Мы бросились наземь. Тррах-бах-бах. Я приподнялся, оглянулся: коровы, что метались в загоне, не выдержав заваруху, повалили изгородь и пустились по полю, бежали среди взрывов, среди немцев, пытаясь уйти прочь от страшного, непонятного им. Решитилов, упавший в снег, встал и, пригнувшись, тяжело затрусил к нам. Добежал, запыхавшись, глянул на нас своими стариковскими, всепонимающими и жалостливыми глазами, высыпал из брезентового ведра нам на полы шинелей патроны, сунул каждому по лимонке и, прокричав через одышку: «Там комдив Чурилин по немцам из автомата лупит!», побежал дальше, к тем ребятам, которые перебежали к Ковригину. Он бежал среди немцев, идущих вразброд, бежал поперек их неудержимого смертного хода; немцы что-то кричали, но не трогали Решитилова, им, видно, было не до него.
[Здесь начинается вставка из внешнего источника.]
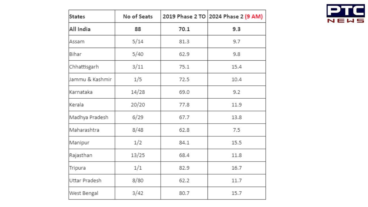 Kerala, where polling is underway for all 20 Lok Sabha seats in the second phase of the general elections on Friday, recorded a voter turnout of 11.98 per cent till 9 am, according to data shared by the Election Commission (EC)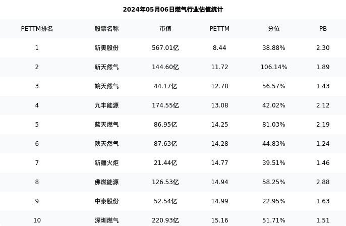 从估值角度看:九丰能源最新市盈率PETTM为13.08,在行业内排名4/29,处于42.02分位。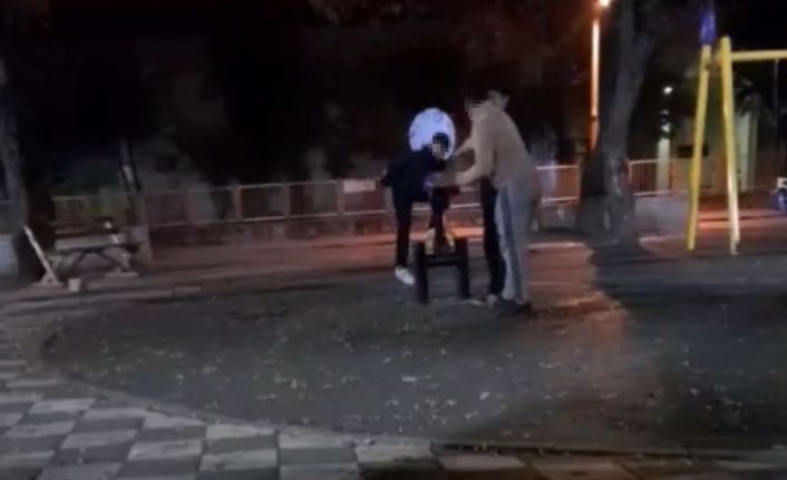 Dün İhsaniye Mahallesi’nde bulunan Milli Egemenlik Parkı’na gelen 15-16 yaşlarındaki 3 çocuk oyuncaklara zarar verdi. Parkta oturan bir vatandaş ise o anları kayda aldı. Vatandaş kamerasına yansıyan görüntülerde, çocukların tahterevalliye tekmelerle zarar verdiği anlar yer aldı. Ayrıca, görüntülerde çocuklardan birinin arkadaşına, "Sen oradan vur, ben buradan vurayım" dediği duyuldu.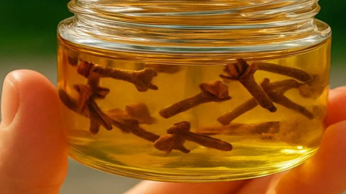 1️⃣ Klinček zalejte olejom a nechajte lúhovať 7 dní na tmavom mieste. Zmes občas pretrepte.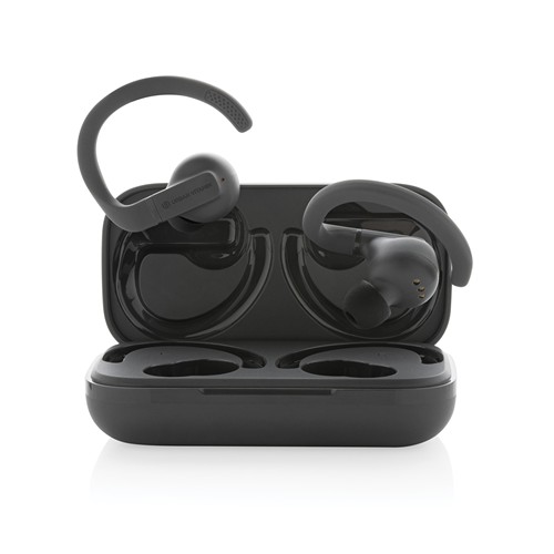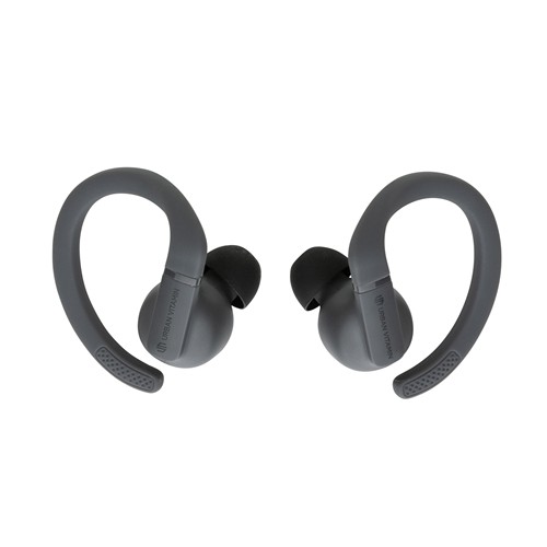 RDT2685054Écouteurs d'entraînement avec crochets d'oreille personnalisables et parfaitement ajustables, plusieurs options d'embouts pour un confort accru. Légers, ils sont conçus pour des performances optimales, avec une conception robuste pour une résistance à la sueur, à la poussière et à l'eau conforme à la norme IPX5. Avec jusqu'à 8 heures d'écoute grâce à la technologie avancée BT 5.3 dans chaque écouteur et un son puissant et équilibré, vous aurez toujours votre musique pour vous motiver. Les écouteurs et l'étui de charge de 600 mAh sont fabriqués avec de l'ABS/TPE recyclé certifié RCS (Recycled Claim Standard). Contenu recyclé total : 55 % sur la base du poids total de l'article. La certification RCS garantit une chaîne d'approvisionnement entièrement certifiée pour les matériaux recyclés. Les oreillettes peuvent être rechargées 3 fois complètement dans l'étui de chargement. Les articles Urban Vitamin sont fabriqués sans PVC et emballés dans des emballages à faible teneur en plastique. Conforme à la directive des équipements de télécommunication et radio 2014/53/EU, Conforme à la directive des subtances dangereuses 2011/65/CE et 2015/863, Fiche de données de sécurité du produit disponible, Conforme à la réglementation REACH et ZEK 01-4-08 de teneur en PAHS, Conforme à la directive de teneur en Phtalate, Pas de matériaux PVC utilisés, Conforme à la directive de sécurité de transport des batteries, Certificat pour transport aerien, Sans paraffines chlorées à chaine courte et moyenne

Все это показалось мне странным, неправдоподобным, расскажешь потом кому-нибудь, не поверят. Мы принялись набивать диски патронами.
Тут снова заволокло синеву низкими тучами, и опять густо повалил снег. Стрельба из пулеметов и ухание пушек приблизились, снаряды грохали уже совсем рядом; тут что-то сломалось в неудержимом животном ходе немцев мимо нас, они закружились, затоптались и заметались, как коровы в загоне, одни побежали назад, смешиваясь с теми, кто все еще шел на нас, и исчезали в белых волнах снегопада, другие продолжали ход в нашу сторону, но уже с поднятыми руками, без оружия, что-то громко галдя и моля о чем-то. Побросав оружие, они сдавались в плен. Какой-то немец, рослый, худой, заросший, оскалясь и что-то крича, приблизился к нам, одну руку он поднял, другую приложил к груди.